The sucrose non-fermenting-1-related protein kinase 1 (SnRK1), is a highly conserved heterotrimeric protein kinase in plants and an orthologue of the mammalian AMP-activated protein kinase. While the roles of the α and γ subunits have been studied in detail, little is known about the function of the β subunit, AKINβ1. The effects of altered expression of AKINβ1 on carbohydrate metabolism and gene expression in leaves were investigated in an Arabidopsis T-DNA insertion mutant. The contents of key intermediates in the tricarboxylic acid cycle of the mutant leaves, as well as respiration, were markedly reduced throughout the diurnal cycle. Using RNASeq to compare with the wild type, many genes were differentially expressed in leaves of the akinβ1 mutant in response to light but to a far lesser extent in darkness.
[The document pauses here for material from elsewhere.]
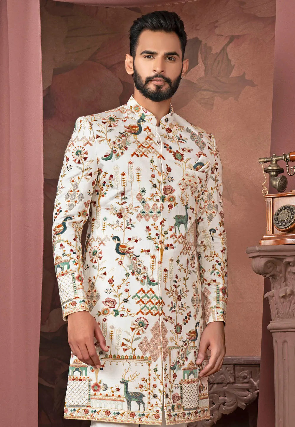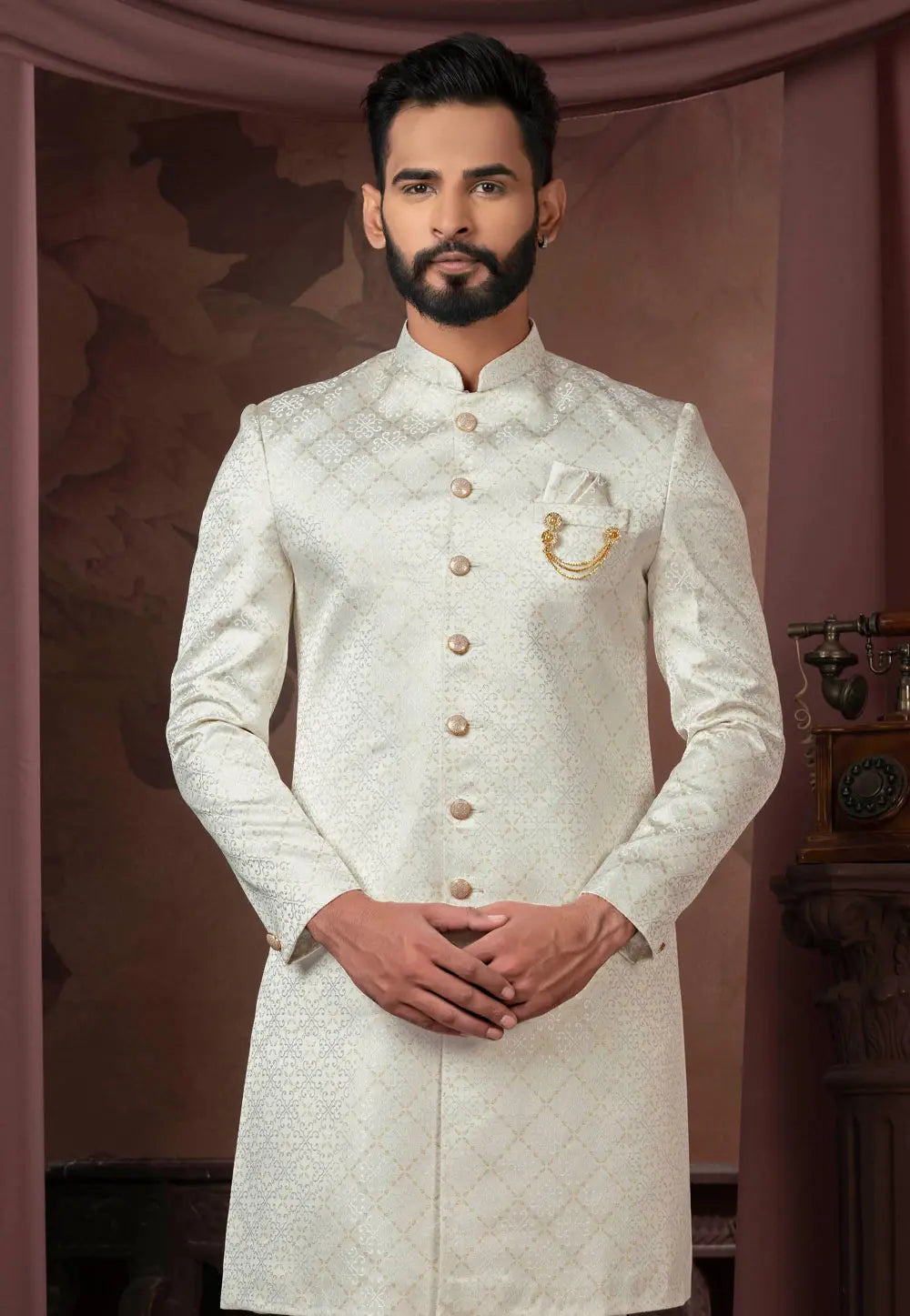 Cream Jacquard Silk Indo Western Sherwani
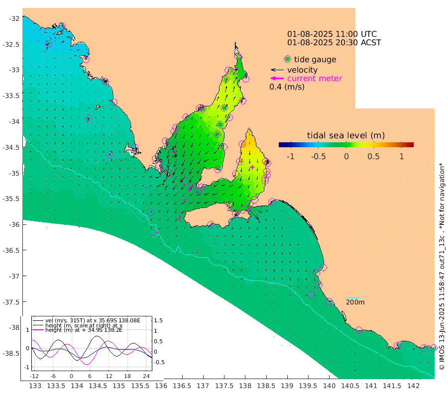 0cm/s 128T +10cm/s rms + 5cm/s 114T. SAM1DS 520m 5cm/s -135T +13cm/s rms + 5cm/s -36T. SAM2CP 100m 3cm/s -171T +21cm/s rms + 18cm/s 142T. SAM3MS 168m 5cm/s -171T +22cm/s rms + 0cm/s -30T. SAM4CY 117m 3cm/s 177T +23cm/s rms + 2cm/s 99T. SAM5CB 94m 11cm/s -134T +8cm/s rms + 3cm/s -172T. SAM6IS 83m 2cm/s -173T +11cm/s rms + 7cm/s 150T. SAM7DS 519m 18cm/s -157T +10cm/s rms + 2cm/s 87T. SAM8SG 47m 14cm/s -167T +20cm/s rms + 12cm/s -168T. NRSKAI 101m -34cm Warrnambool -33cm Port Fairy -33cm Portland -29cm Port Macdonnell -31cm Beachport -31cm Cape Rabelais (off) -32cm Robe -32cm Cape Jaffa -33cm Kingston -31cm Victor Harbor -32cm Vivonne Bay 14cm Kingscote 12cm American River -1cm Penneshaw 8cm Cape Jervis 24cm Second Valley 37cm Port Noarlunga 39cm Port Stanvac 43cm Brighton 41cm Glenelg 50cm Port Adelaide (Outer Harbor) 55cm Angus Inlet (Garden Island) 65cm Ardrossan 49cm Port Vincent 33cm Port Giles -17cm Stenhouse Bay -19cm Althorpe Island -18cm Pondalowie Bay -10cm Point Turton -8cm Port Victoria -3cm Cape Elizabeth -8cm Tiparra Reef Light 1cm Wallaroo 3cm Middle Bank 9cm Port Broughton 7cm Port Pirie 12cm Red Cliff Point (Beacon 5) 13cm Port Bonython 13cm Whyalla 9cm Western Shoal Beacon 6cm Franklin Harbor -7cm Franklin Harbor Entrance Beacon -12cm Arno Bay -15cm Port Neill -16cm Cape Hardy -20cm Tumby Bay -25cm Reevesby Island -29cm Port Lincoln -31cm Taylors Landing -14cm Whalers Bay -26cm Wedge Island Mooring -31cm Shelf Edge Mooring -38cm Coffin Bay Entrance Beacon -34cm Greenly Island -38cm Elliston -35cm Pearson Island -28cm Venus Bay -49cm Blanche Port (Streaky Bay) -51cm Thevenard -45cm St Francis Island

Particular isoforms of multigene families involved in malate and lipid metabolism and nitrate uptake exhibited very substantial decreases in expression, showing the importance of the trimer as a global regulator of metabolism. Studies of its subcellular localization revealed that AKINβ1 can be N-myristoylated and localizes to the Golgi. Partitioning of AKINβ1 between the Golgi, nucleus and cytoplasm provides a mechanism to regulate metabolism and gene expression in Arabidopsis. 

Acknowlegdements:

I thank Dr Jaideep Mathur (Department of Molecular and Cellular Biology, University of Guelph, Canada) for providing the binary vector for subcellular localization studies. This work was supported by NSERC Discovery grant 435781 and by the Max Planck Society (RF and JEL).